La lecture de la Bible est ainsi une rencontre de l’intelligence de l’homme avec l’intelligence de Dieu qui l’éclaire, l’oriente, l’embrase de son amour. La lecture de la Bible est étroitement liée à l’événement liturgique. Tous les jours de l’année l’Église reprend les grands fondements dogmatiques de la foi “ orthodoxe ”, elle les chante, les savoure, les assimile dans son cœur profond. La liturgie, toujours fondée sur l’Écriture, est un guide sûr permettant aux fidèles de discerner les repères de leur foi et de ne pas dévier. En s’appuyant sur le texte de la Bible, nous le savons, on peut tout dire et son contraire. Des fanatiques de tous bords en ont fait usage pour bâtir leurs utopies. Grande pédagogue, la liturgie fait usage de la répétition, martelée sur tous les tons, diversement renouvelée, pour faire ressortir les vérités dogmatiques, ces garde-fous indispensables à l’esprit humain qui a toujours tendance à affirmer sa propre volonté, son autonomie. Ce point doit être soigneusement pris en considération dans la lecture en groupe. 

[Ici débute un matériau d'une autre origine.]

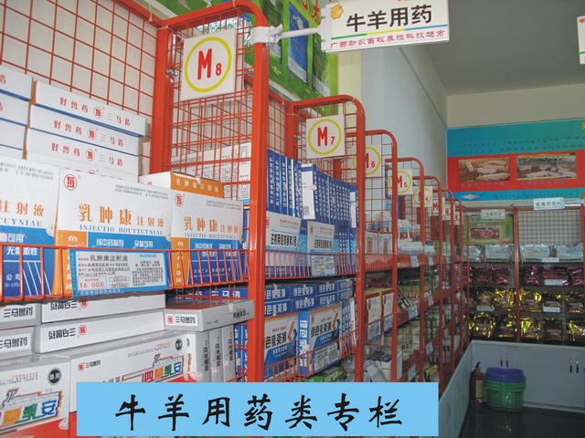 超市一楼兽药区,在这里不仅有成数千种的兽药,而且还有专业的技术员为你指导用药。

Il ne s’agit pas d’anesthésier le groupe ni d’étouffer sa liberté de manœuvre, car doivent s’instaurer au contraire une pluralité de points de vue dans un esprit de liberté à l’intérieur des limites tracées par les décrets des conciles œcuméniques et approuvées par l’Église universelle. Ainsi, d’après une enquête récente, environ quarante pour cent des baptisés ne croient pas en la Résurrection ; des livres, parfois sous la plume d’auteurs croyants, ou des films, remettent en cause la mariologie ; d’autres publications sur les supposées relations charnelles entre le Christ et Marie-Madeleine signent la perte du sens du mystique, du sacré. Au lieu d’élever l’homme vers Dieu on abaisse Dieu au niveau de l’homme, et même, car telle est la tendance moderne, au niveau de ses instincts élémentaires. Le climat liturgique met un arrêt à ces débordements. La chose n’est pas nouvelle, depuis l’hérésie d’Arius au ive siècle, pour qui le Christ n’était qu’un homme, ces déviations ont toujours tenté de se frayer un chemin pour faire obstacle à la pureté du message.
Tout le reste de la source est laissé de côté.